● **RECORD EXTRACTS**:
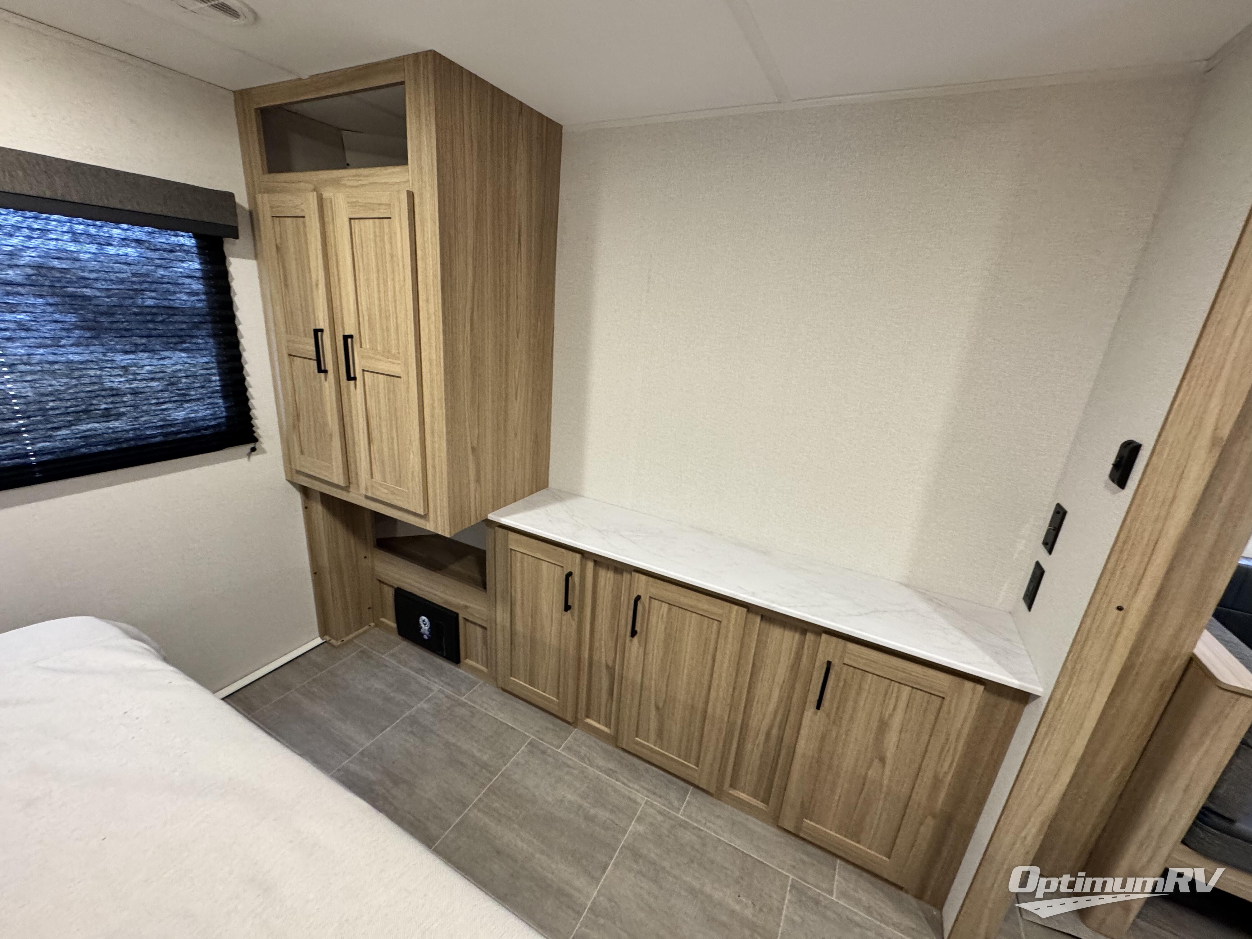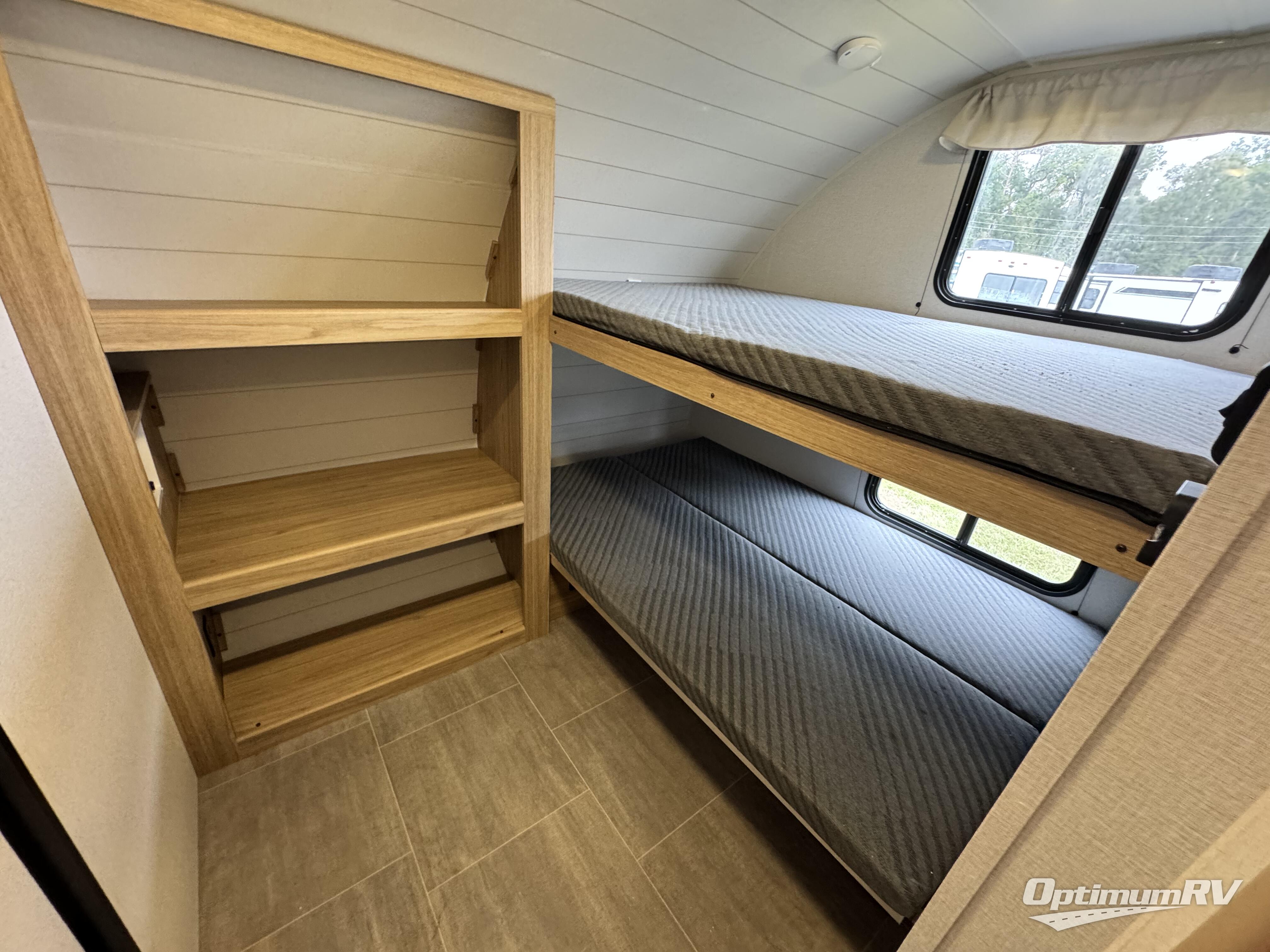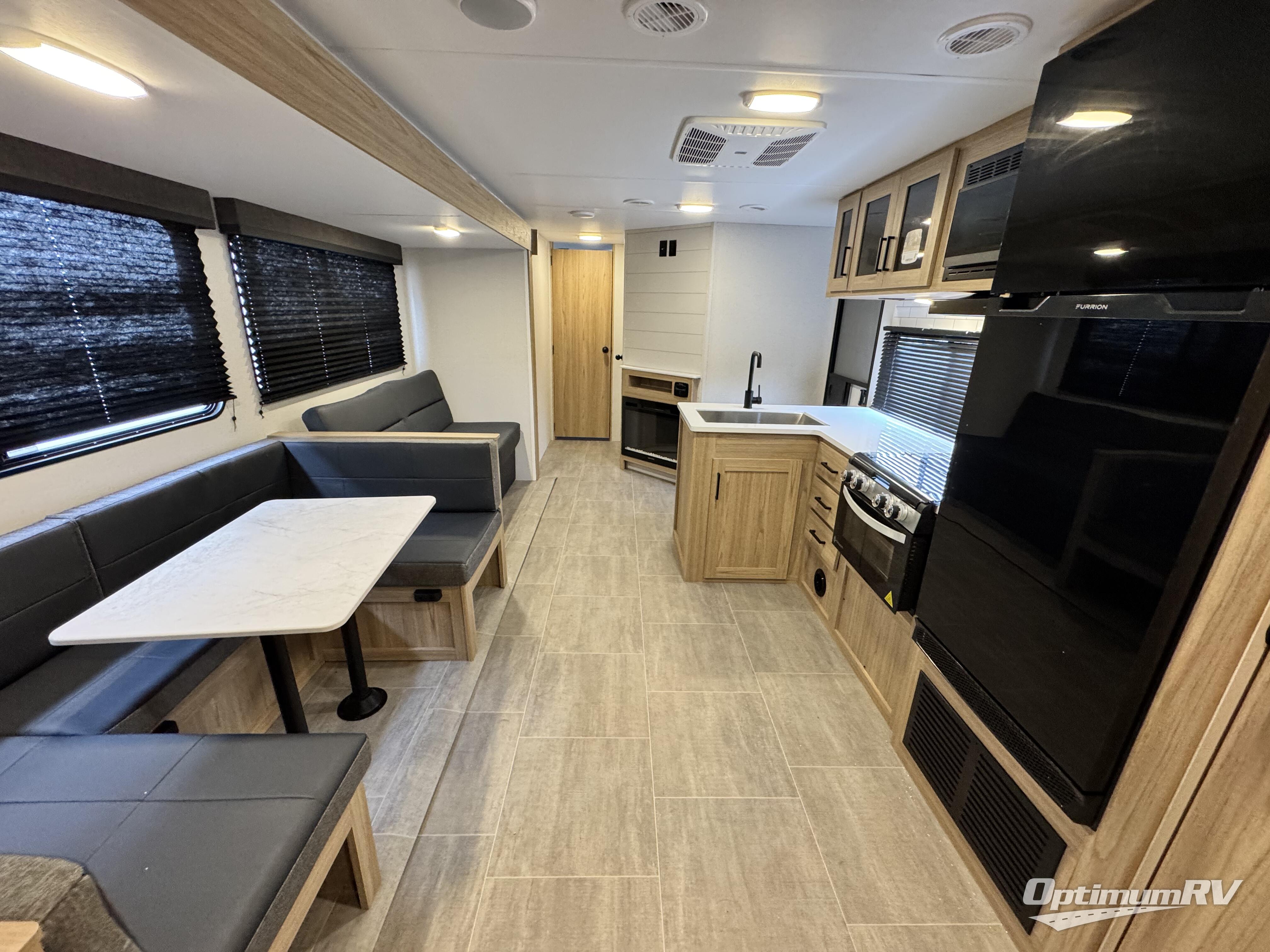 Camping just got a whole lot sweeter in this double slide out travel trailer for nine people. Your guests can stay in the front private bunkhouse that includes double-size bunks with removable lower bunks so you can easily pack in gear! You will enjoy the rear private bedroom with a queen bed slide out, a wardrobe, plus a dresser with TV prep. The main living area is spacious with its large slide out, and everyone can dine around the U-shaped dinette. There is also a sofa here and an entertainment center with a fireplace. Bring your own TV and you're ready for movie night! And check out the outdoor kitchen with a griddle for a pancake breakfast!
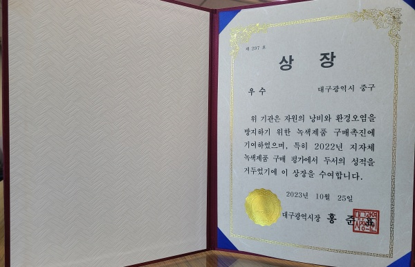 대구 중구(구청장 류규하)는 지난 10월 25일 대구시 합동평가 평가결과 ‘2023년 대구시 공공녹색구매 분야’ 에서 9개구군 중 우수상을 수상했다.
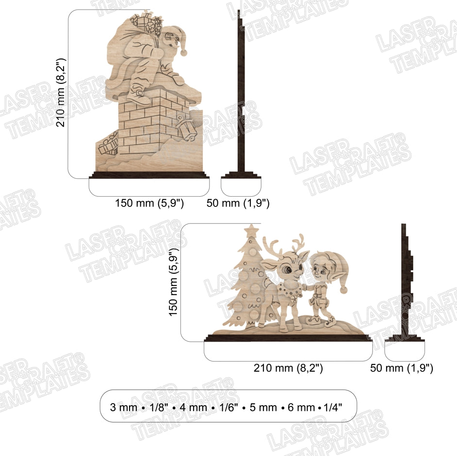 Decorazioni per la tavola natalizia in piedi 4 bundle di file in formato SVG tagliati al laser
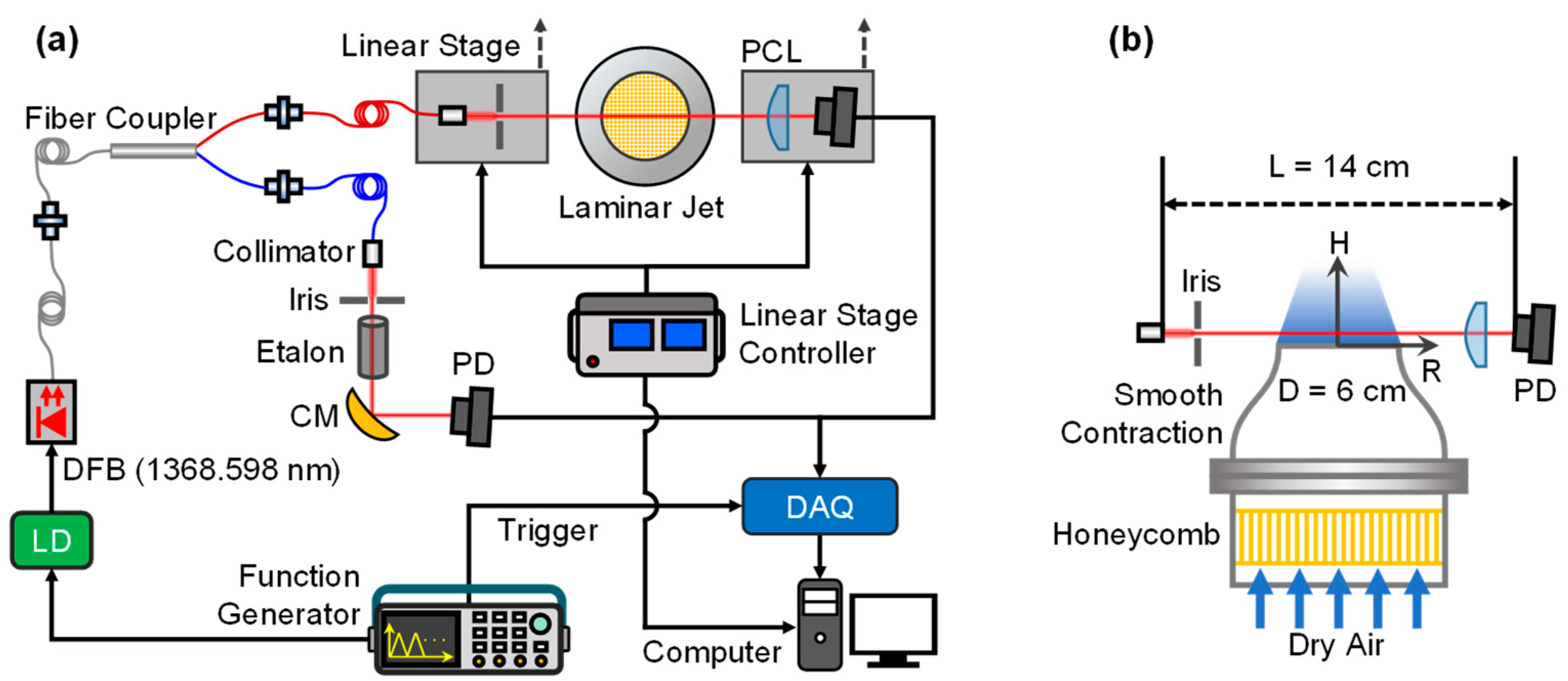 A distributed-feedback (DFB) laser served as the TAS laser source for the investigation of H2O transport in a dry laminar jet. Wavelength Electronics’ LDTC0520 laser diode and temperature controller provided stable drive current and temperature control for the DFB laser with noise of 7.5 µA RMS, high temperature accuracy and 0.005°C stability, ensuring minimal noise was added to the photodetector after TAS.
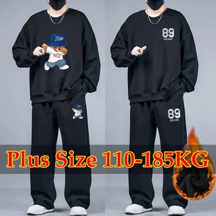 2피스 세트 남성용 스웨트셔츠 바지 플러스 사이즈 플리스 안감 탑스 스포츠 조깅 바지 패션 캐주얼 풀오버 후디 스웨트팬츠

● **WHAT THE TASK ASKS**: Transcribe each entry above exactly, apart from the pictures.

● **RESPONSE BOX**:
 Camping just got a whole lot sweeter in this double slide out travel trailer for nine people. Your guests can stay in the front private bunkhouse that includes double-size bunks with removable lower bunks so you can easily pack in gear! You will enjoy the rear private bedroom with a queen bed slide out, a wardrobe, plus a dresser with TV prep. The main living area is spacious with its large slide out, and everyone can dine around the U-shaped dinette. There is also a sofa here and an entertainment center with a fireplace. Bring your own TV and you're ready for movie night! And check out the outdoor kitchen with a griddle for a pancake breakfast!
 대구 중구(구청장 류규하)는 지난 10월 25일 대구시 합동평가 평가결과 ‘2023년 대구시 공공녹색구매 분야’ 에서 9개구군 중 우수상을 수상했다.
 Decorazioni per la tavola natalizia in piedi 4 bundle di file in formato SVG tagliati al laser
 A distributed-feedback (DFB) laser served as the TAS laser source for the investigation of H2O transport in a dry laminar jet. Wavelength Electronics’ LDTC0520 laser diode and temperature controller provided stable drive current and temperature control for the DFB laser with noise of 7.5 µA RMS, high temperature accuracy and 0.005°C stability, ensuring minimal noise was added to the photodetector after TAS.
 2피스 세트 남성용 스웨트셔츠 바지 플러스 사이즈 플리스 안감 탑스 스포츠 조깅 바지 패션 캐주얼 풀오버 후디 스웨트팬츠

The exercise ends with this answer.